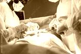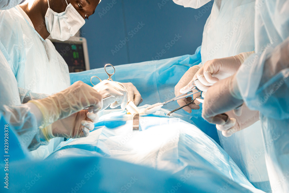 An international team of doctors performs a complex surgical operation on a patient under anesthesia. Modern operating room and experienced surgeons save lives
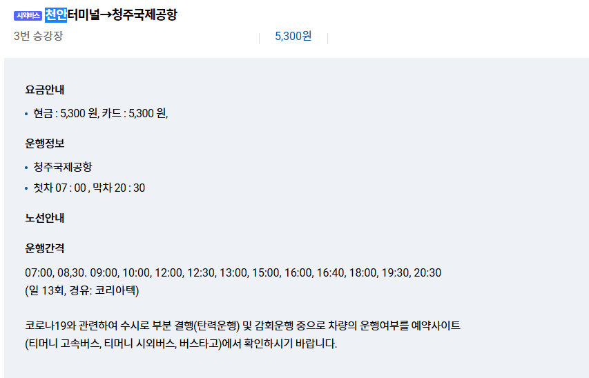 🚌 천안 - 청주공항 시외버스 노선
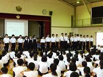 7月10日に、総合体育大会・各種コンクール壮行会を行いました。どの部活も、思いのこもった力強い発表をしていました。また、応援団を中心に、柏四中の健闘を祈って、大きな声で応援をしました。
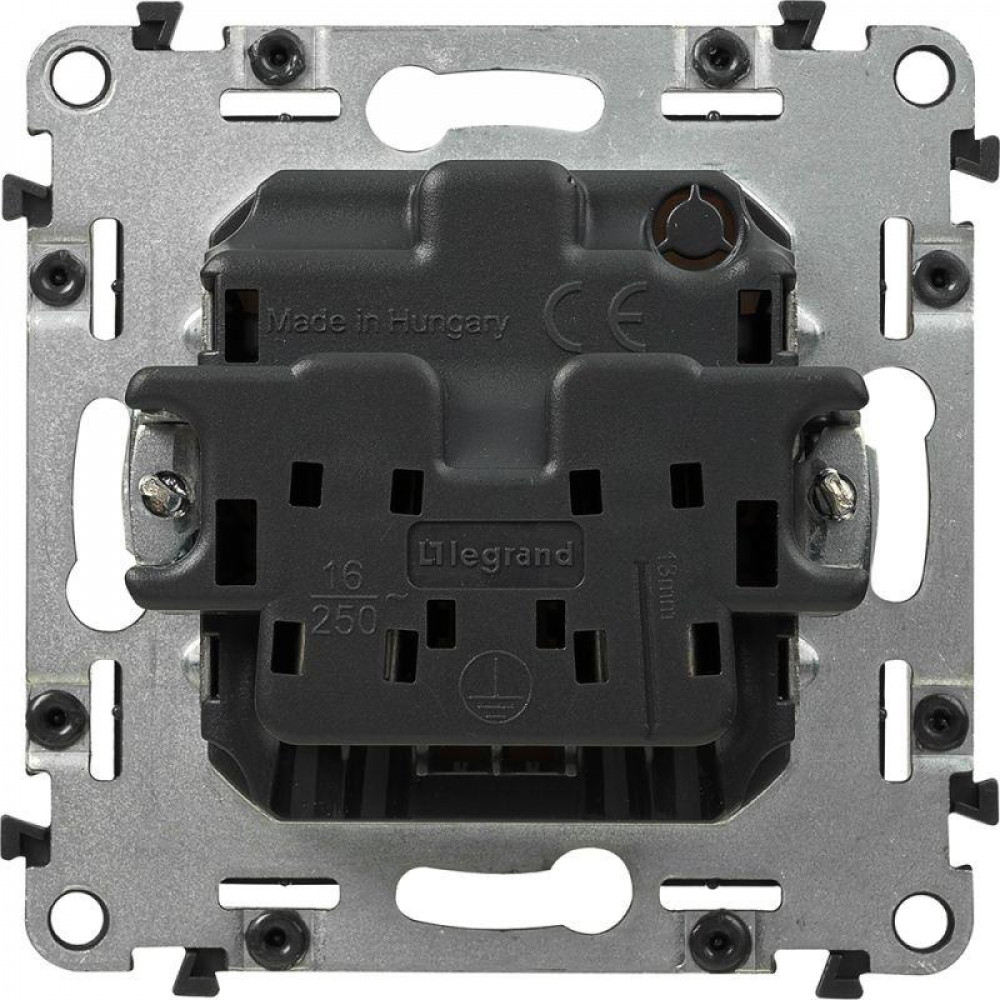 Описание Valena LIFE Розетка силовая 2К 16А 250В c лицевой панелью алюминий со шторками безвинтовые зажимы 753616
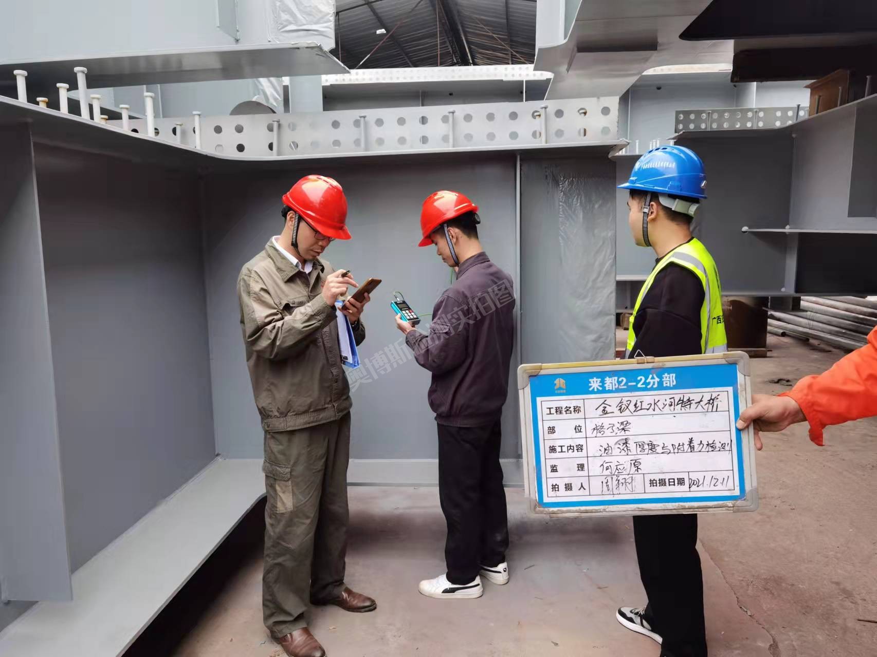 廣西金釵紅水河特大橋格子梁油漆厚度與附著力檢測

::::::::::

**Directions**:
Please retype the whole listing above exactly, without any of its images.

**Task solution**:
 An international team of doctors performs a complex surgical operation on a patient under anesthesia. Modern operating room and experienced surgeons save lives
 🚌 천안 - 청주공항 시외버스 노선
 7月10日に、総合体育大会・各種コンクール壮行会を行いました。どの部活も、思いのこもった力強い発表をしていました。また、応援団を中心に、柏四中の健闘を祈って、大きな声で応援をしました。
 Описание Valena LIFE Розетка силовая 2К 16А 250В c лицевой панелью алюминий со шторками безвинтовые зажимы 753616
 廣西金釵紅水河特大橋格子梁油漆厚度與附著力檢測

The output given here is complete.